- _Problem requirements_
Where the line containing "Двухместный двухкомнатный номер." appears below, begin there and reproduce each line exactly through the last one, omitting pictures.

- _Materials provided_
---
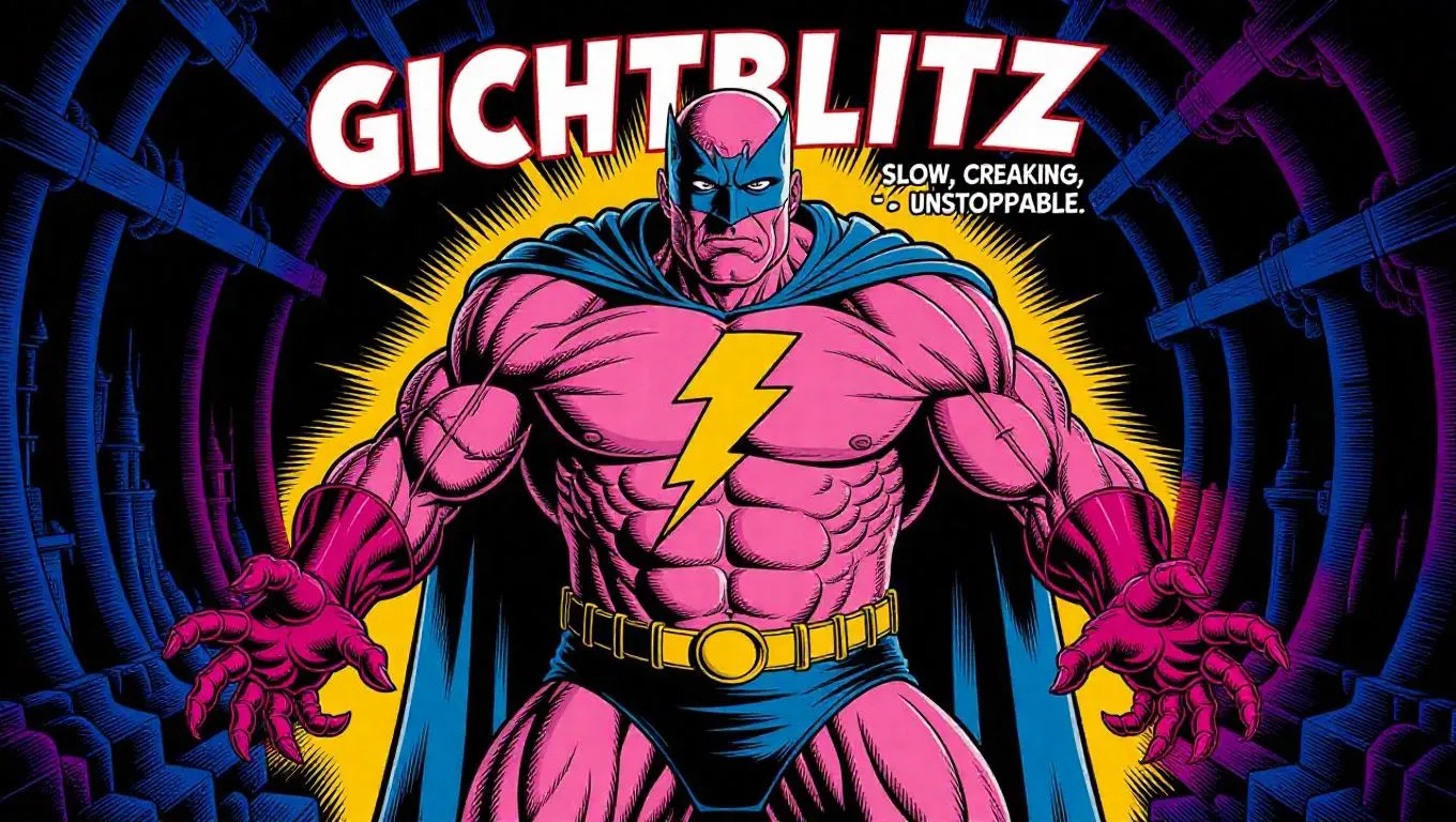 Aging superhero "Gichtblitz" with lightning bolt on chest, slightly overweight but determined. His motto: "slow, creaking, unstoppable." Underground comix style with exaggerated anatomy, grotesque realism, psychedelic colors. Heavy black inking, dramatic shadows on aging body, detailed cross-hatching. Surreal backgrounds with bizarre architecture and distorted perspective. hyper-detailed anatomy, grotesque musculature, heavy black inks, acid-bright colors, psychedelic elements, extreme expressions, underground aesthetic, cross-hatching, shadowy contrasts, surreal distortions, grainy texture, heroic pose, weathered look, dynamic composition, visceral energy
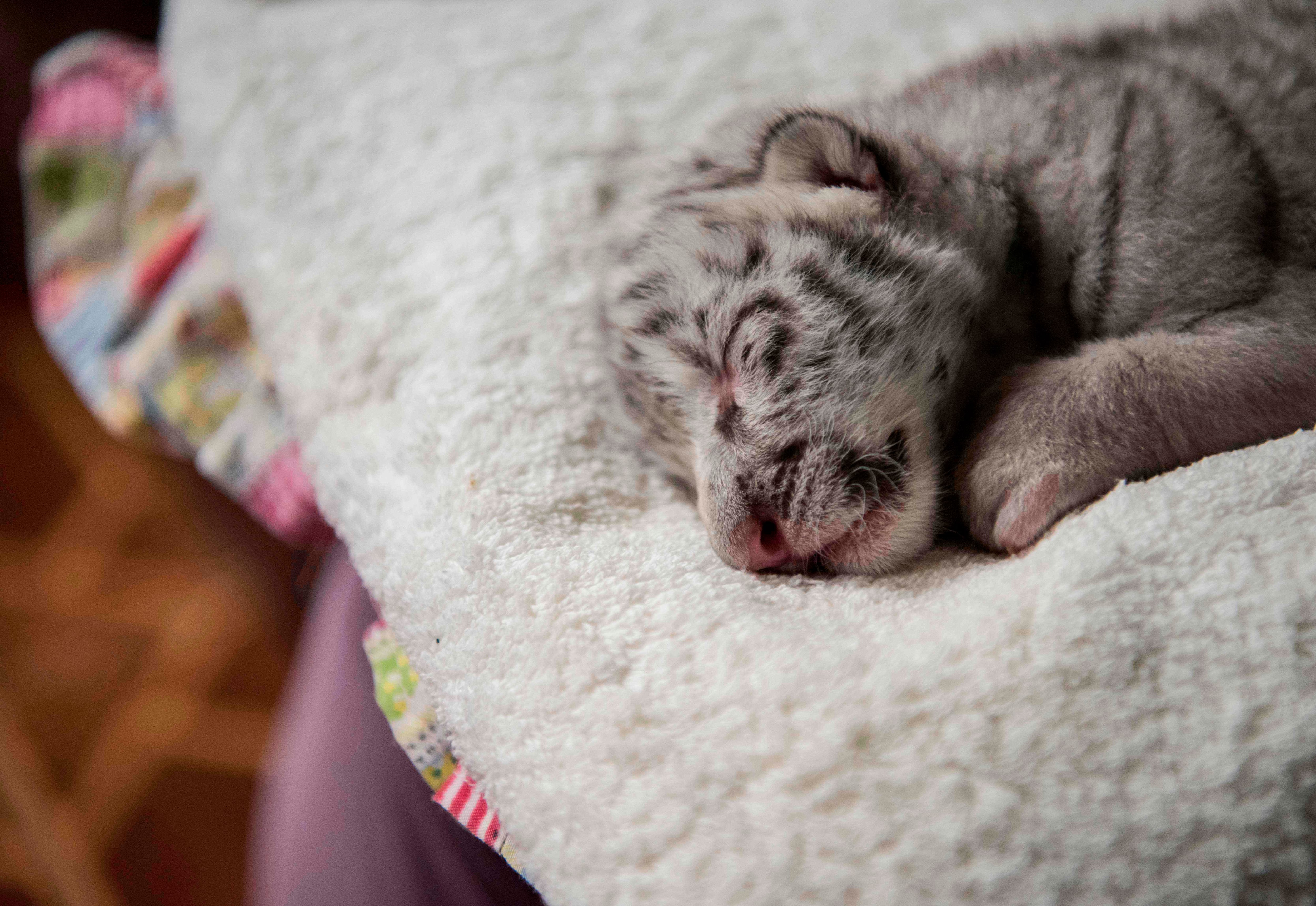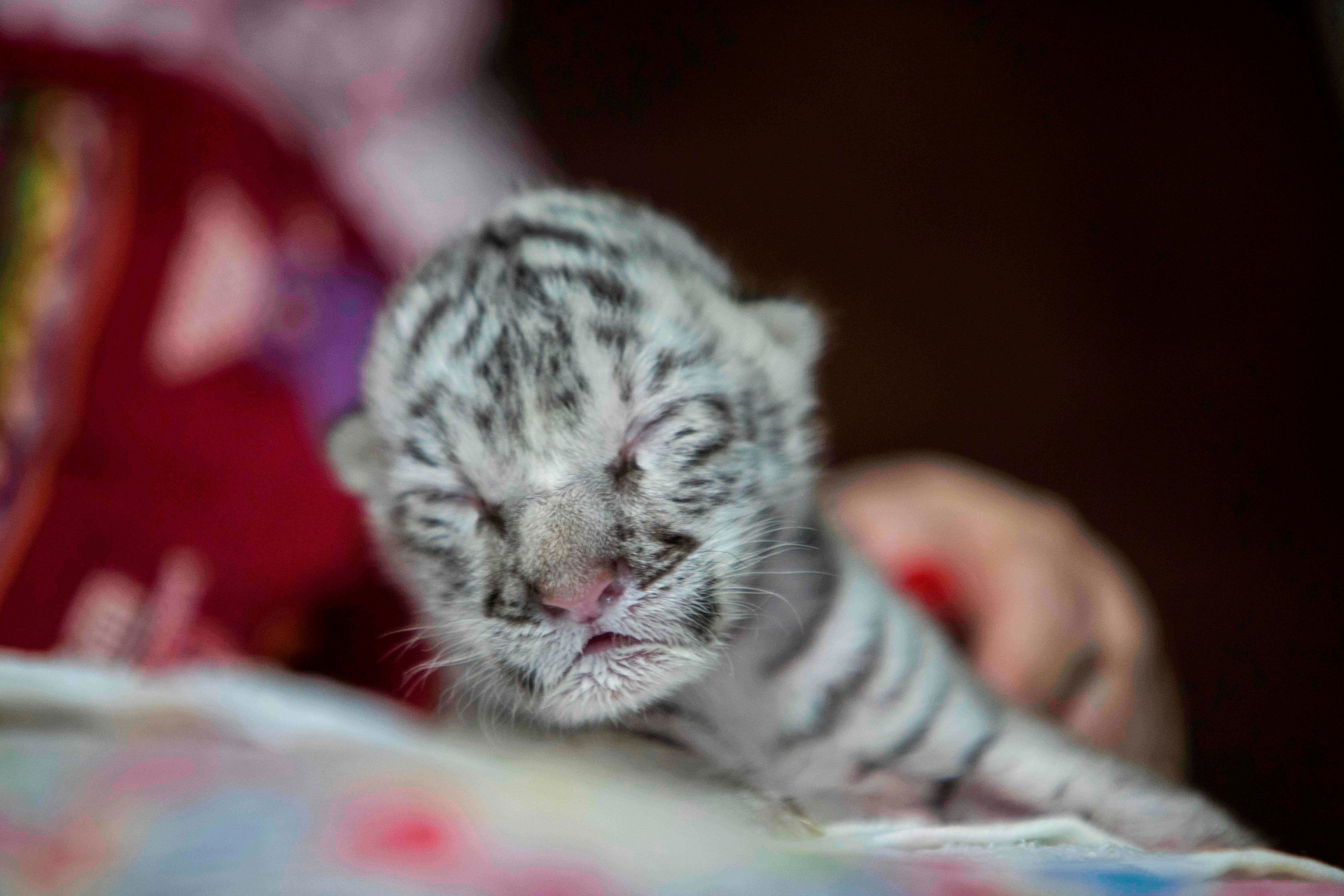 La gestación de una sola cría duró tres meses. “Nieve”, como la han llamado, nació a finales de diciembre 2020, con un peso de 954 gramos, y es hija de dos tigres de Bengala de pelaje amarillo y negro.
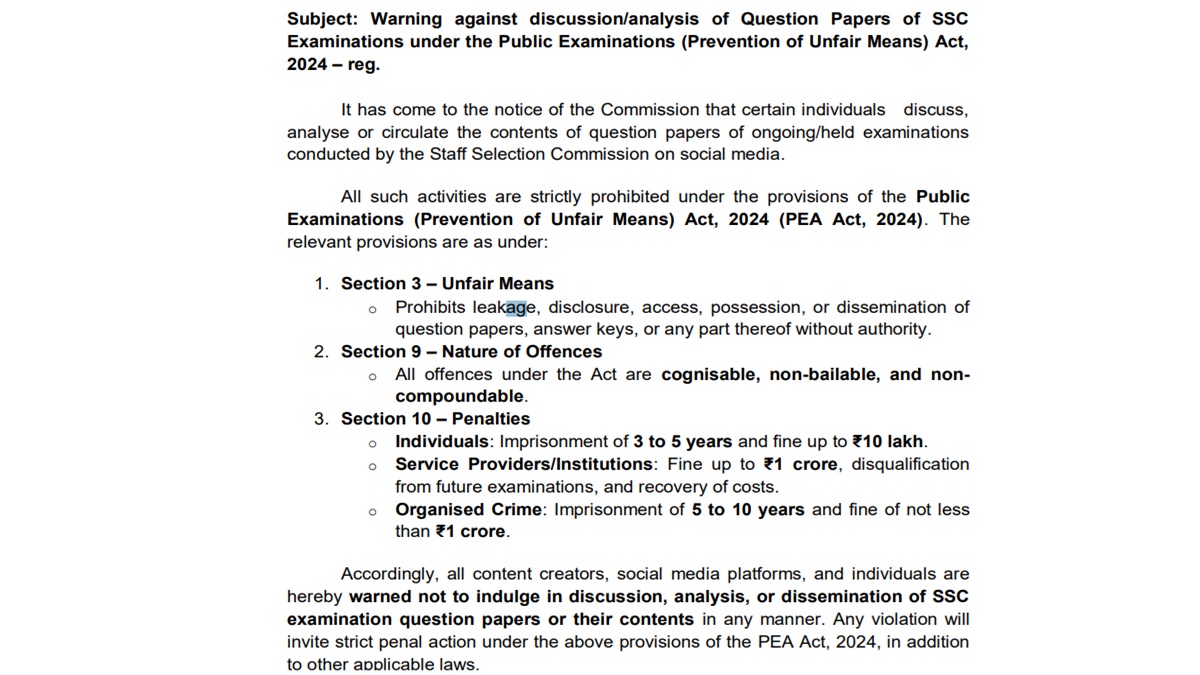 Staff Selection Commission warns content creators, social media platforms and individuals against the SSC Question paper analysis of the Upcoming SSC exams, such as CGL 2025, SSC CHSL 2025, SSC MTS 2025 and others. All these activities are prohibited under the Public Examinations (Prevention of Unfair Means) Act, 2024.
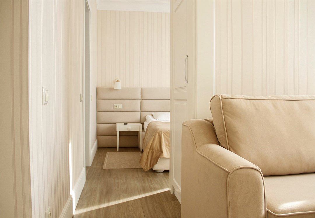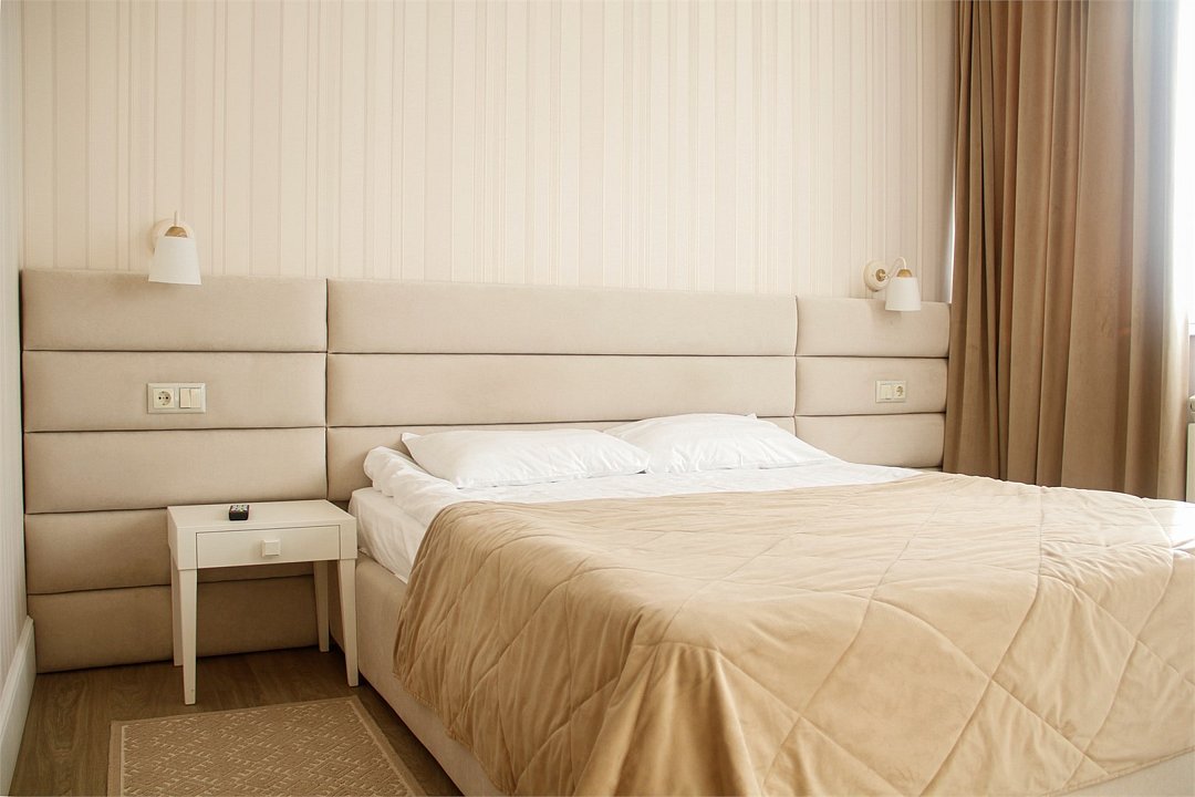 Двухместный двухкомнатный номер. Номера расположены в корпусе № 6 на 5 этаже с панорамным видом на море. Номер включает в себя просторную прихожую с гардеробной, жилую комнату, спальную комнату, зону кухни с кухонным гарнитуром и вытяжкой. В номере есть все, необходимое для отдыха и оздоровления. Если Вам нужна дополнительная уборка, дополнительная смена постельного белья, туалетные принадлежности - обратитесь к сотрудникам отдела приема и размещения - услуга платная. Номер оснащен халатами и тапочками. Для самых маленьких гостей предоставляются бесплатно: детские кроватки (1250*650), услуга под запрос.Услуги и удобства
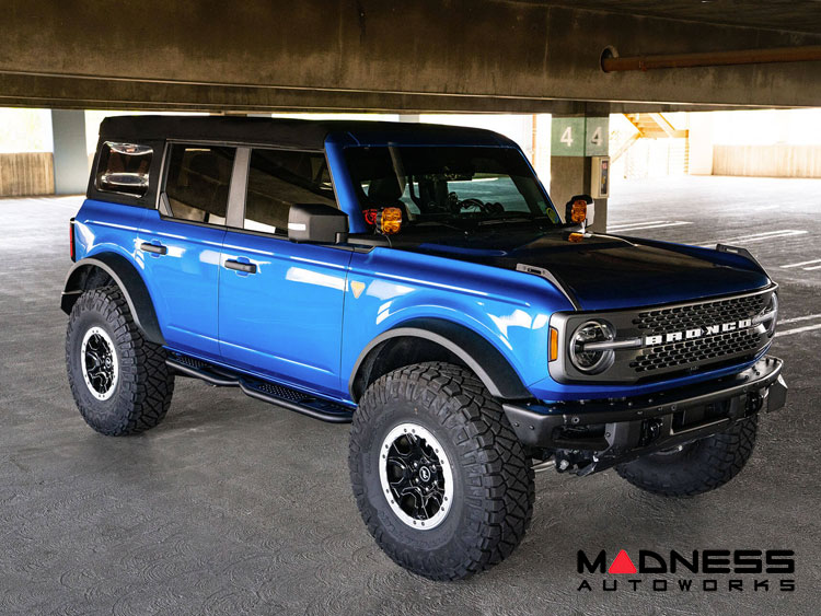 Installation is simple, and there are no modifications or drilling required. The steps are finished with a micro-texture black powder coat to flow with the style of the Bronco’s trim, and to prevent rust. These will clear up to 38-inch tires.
---
- _Problem solution_
 Двухместный двухкомнатный номер. Номера расположены в корпусе № 6 на 5 этаже с панорамным видом на море. Номер включает в себя просторную прихожую с гардеробной, жилую комнату, спальную комнату, зону кухни с кухонным гарнитуром и вытяжкой. В номере есть все, необходимое для отдыха и оздоровления. Если Вам нужна дополнительная уборка, дополнительная смена постельного белья, туалетные принадлежности - обратитесь к сотрудникам отдела приема и размещения - услуга платная. Номер оснащен халатами и тапочками. Для самых маленьких гостей предоставляются бесплатно: детские кроватки (1250*650), услуга под запрос.Услуги и удобства
 Installation is simple, and there are no modifications or drilling required. The steps are finished with a micro-texture black powder coat to flow with the style of the Bronco’s trim, and to prevent rust. These will clear up to 38-inch tires.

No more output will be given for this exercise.